15 Jan 2024 | Ruijin Sun, Nan Cheng, Changle Li, Fangjiong Chen, Wen Chen
This article presents a systematic review of knowledge-driven deep learning (DL) in wireless networks, focusing on its application in 6G network optimization. As 6G networks aim to support diverse services in dynamic environments, they require efficient management of multi-dimensional heterogeneous resources. Traditional model-based methods face challenges due to computational complexity and long processing times, while data-driven DL methods rely heavily on training data and lack interpretability. To address these issues, knowledge-driven DL integrates proven domain knowledge into neural networks, enhancing interpretability and reducing the need for large training datasets.
The article proposes a holistic framework for knowledge-driven DL in wireless networks, where knowledge sources, representation, integration, and application form a closed loop. It introduces three main knowledge integration approaches: knowledge-assisted, knowledge-fused, and knowledge-embedded DL. Knowledge-assisted DL uses domain knowledge to guide model selection and loss function design. Knowledge-fused DL combines model-based methods with data-driven neural networks to solve complex problems. Knowledge-embedded DL integrates domain knowledge into neural network structures, improving interpretability and performance.
The article also discusses open issues in knowledge-driven DL, including handling complex constraints, theoretical analysis, and knowledge selection and aggregation. A case study demonstrates the effectiveness of knowledge-driven DL in resource management, showing its scalability and performance advantages over traditional methods. The study proposes a novel knowledge-driven DL approach for resource management in device-to-device (D2D) networks, integrating graph-structured communication topology and the WMMSE algorithm into neural networks. This approach, known as the WMMSE algorithm unrolled GNN (WUGNN), outperforms other methods in terms of sum rate and online inference time, demonstrating its potential for efficient 6G network optimization. The article concludes that knowledge-driven DL offers a promising paradigm for intelligent 6G networks, combining the strengths of domain knowledge and deep learning.This article presents a systematic review of knowledge-driven deep learning (DL) in wireless networks, focusing on its application in 6G network optimization. As 6G networks aim to support diverse services in dynamic environments, they require efficient management of multi-dimensional heterogeneous resources. Traditional model-based methods face challenges due to computational complexity and long processing times, while data-driven DL methods rely heavily on training data and lack interpretability. To address these issues, knowledge-driven DL integrates proven domain knowledge into neural networks, enhancing interpretability and reducing the need for large training datasets.
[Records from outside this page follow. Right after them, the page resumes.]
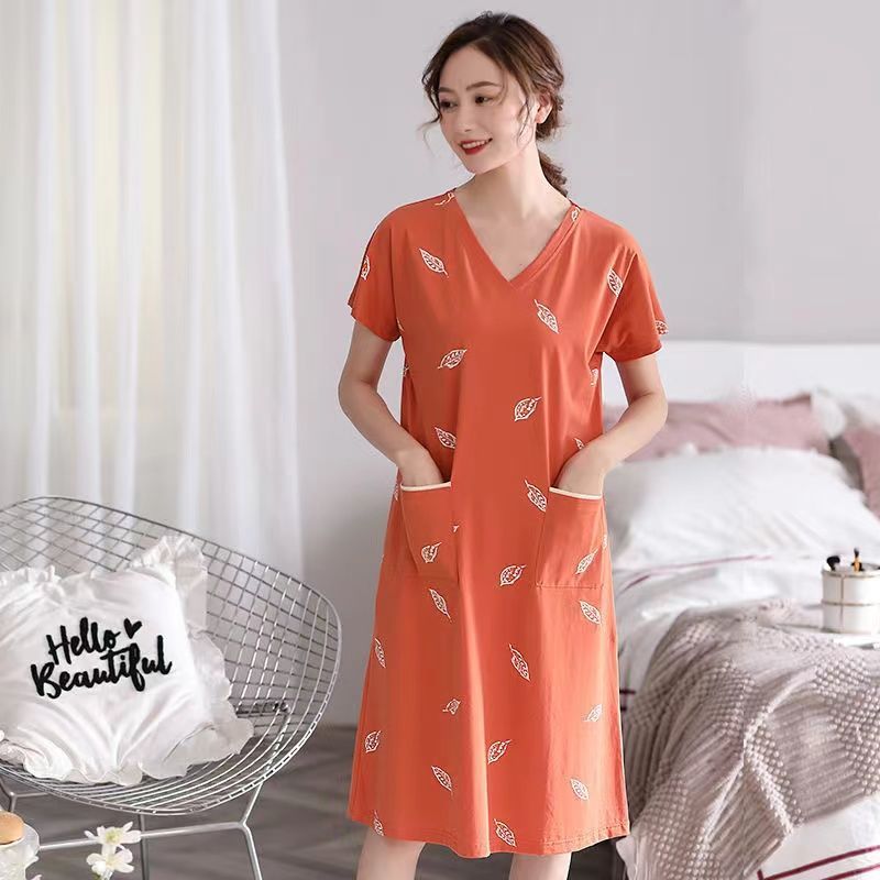 Burqa 어머니 모달 잠옷 여성의 새로운 잠옷 실크 실크 짧은 소매 중년 어머니를위한 얇은 플러스 사이즈 외부에서 착용 할 수 있습니다.스토어 가기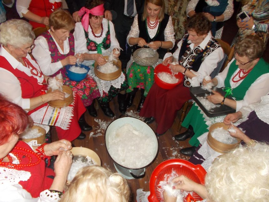 17 lutego 2015 r., a więc tradycyjnego „śledzika”, Koła Gospodyń Wiejskich spędziły na Wyszkubku, który rozpoczyna w naszym mieście rok obrzędowy. Nie zabrakło na nim rywalizacji, bo gospodynie (nie tylko) musiały drzeć pierze, malować poszewki na poduszki – i tu mogły puścić wodze swej fantazji… Kwiaty, koguty i inne ludowe wzory królowały. Mistrzyniami Wyszkubku zostały Panie z KGW Okradzionów.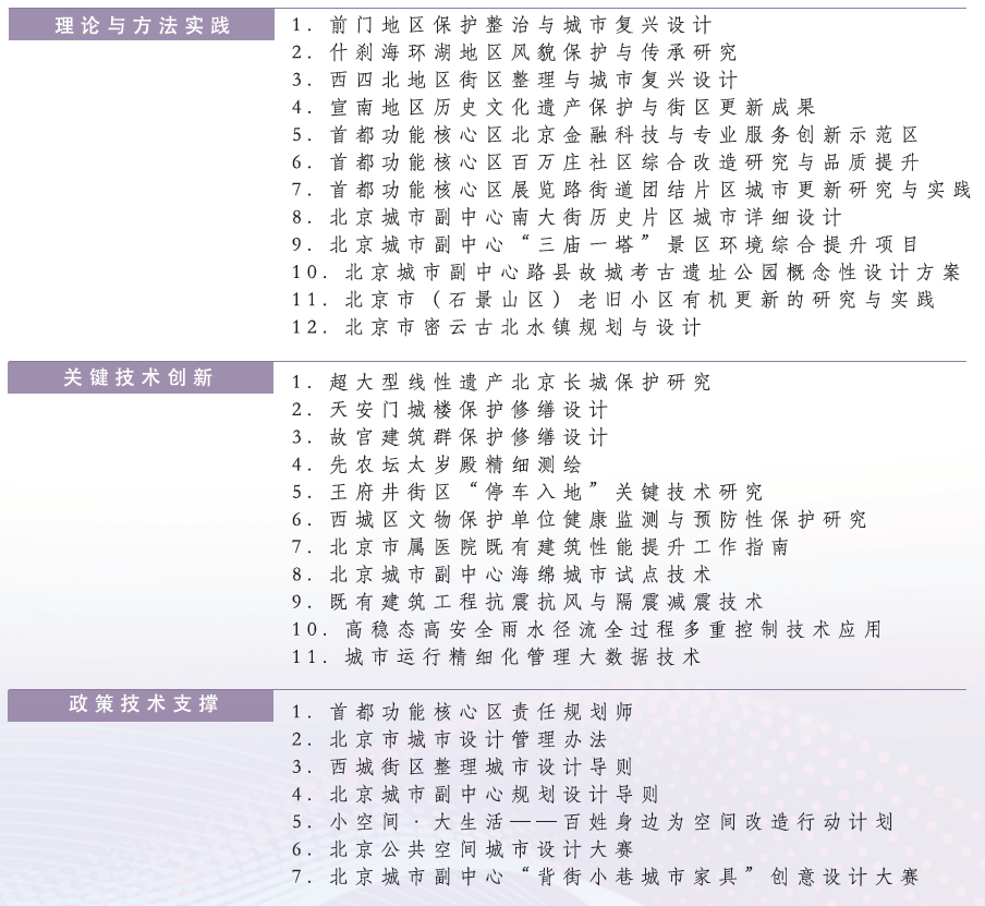 多年來,北京建筑大學在“歷史城市保護更新規劃理論與方法”、“建筑保護與更新關鍵技術”、“城市基礎設施功能提升關鍵技術”三大研究方向已形成一定研究基礎,代表項目包括: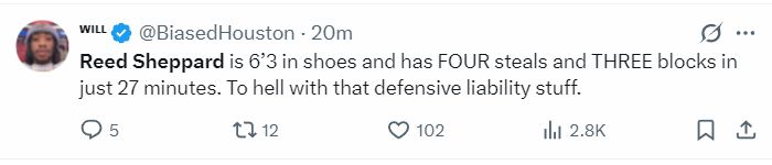 休媒:谢泼德穿鞋身高超过6尺3,他在27分钟里3盖帽4抢断,别再说他防守端是个漏洞了。
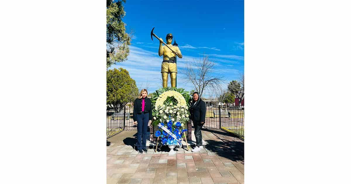La conmemoración se realizó frente al monumento erigido en honor a los mineros fallecidos, donde se colocaron ofrendas florales y se guardó un minuto de silencio.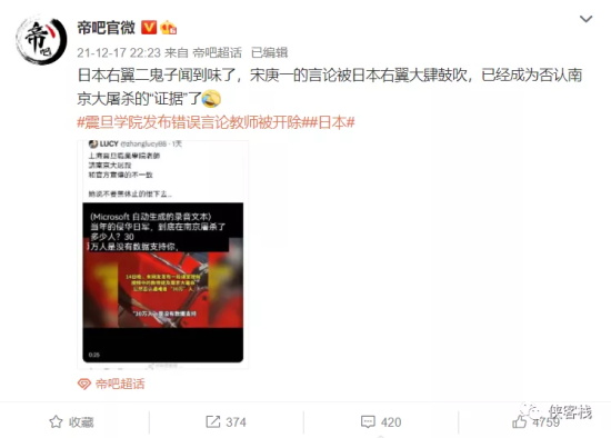 知名记者、博主@徐记观察 指出的更是让人震惊,为宋庚一洗地、美化日本军国主义,已经不仅仅是精日、日杂势力这么简单了,而是已经有境外反华势力全面介入了。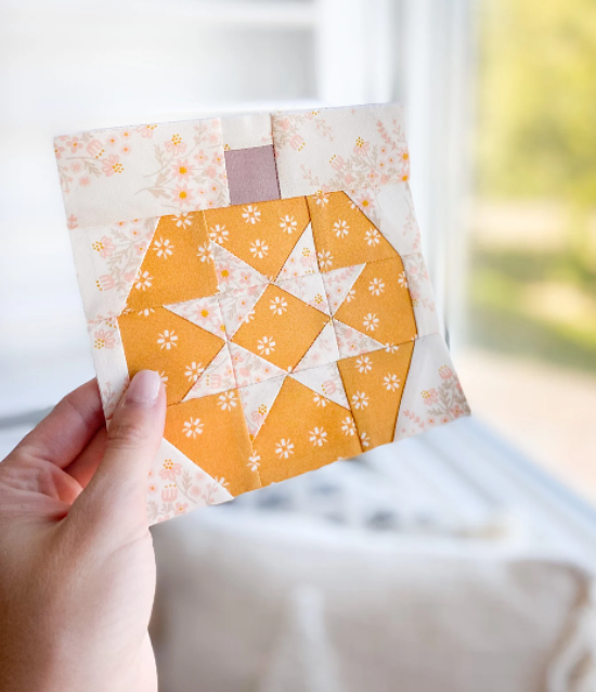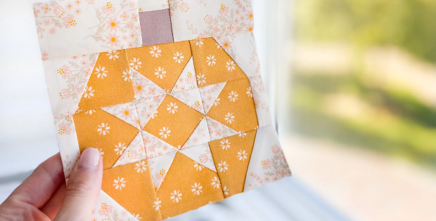 This charming little pumpkin block is perfect for fall projects. A low-volume print for the star and background contributes to its sweet personality.

The article proposes a holistic framework for knowledge-driven DL in wireless networks, where knowledge sources, representation, integration, and application form a closed loop. It introduces three main knowledge integration approaches: knowledge-assisted, knowledge-fused, and knowledge-embedded DL. Knowledge-assisted DL uses domain knowledge to guide model selection and loss function design. Knowledge-fused DL combines model-based methods with data-driven neural networks to solve complex problems. Knowledge-embedded DL integrates domain knowledge into neural network structures, improving interpretability and performance.
The article also discusses open issues in knowledge-driven DL, including handling complex constraints, theoretical analysis, and knowledge selection and aggregation. A case study demonstrates the effectiveness of knowledge-driven DL in resource management, showing its scalability and performance advantages over traditional methods. The study proposes a novel knowledge-driven DL approach for resource management in device-to-device (D2D) networks, integrating graph-structured communication topology and the WMMSE algorithm into neural networks. This approach, known as the WMMSE algorithm unrolled GNN (WUGNN), outperforms other methods in terms of sum rate and online inference time, demonstrating its potential for efficient 6G network optimization. The article concludes that knowledge-driven DL offers a promising paradigm for intelligent 6G networks, combining the strengths of domain knowledge and deep learning.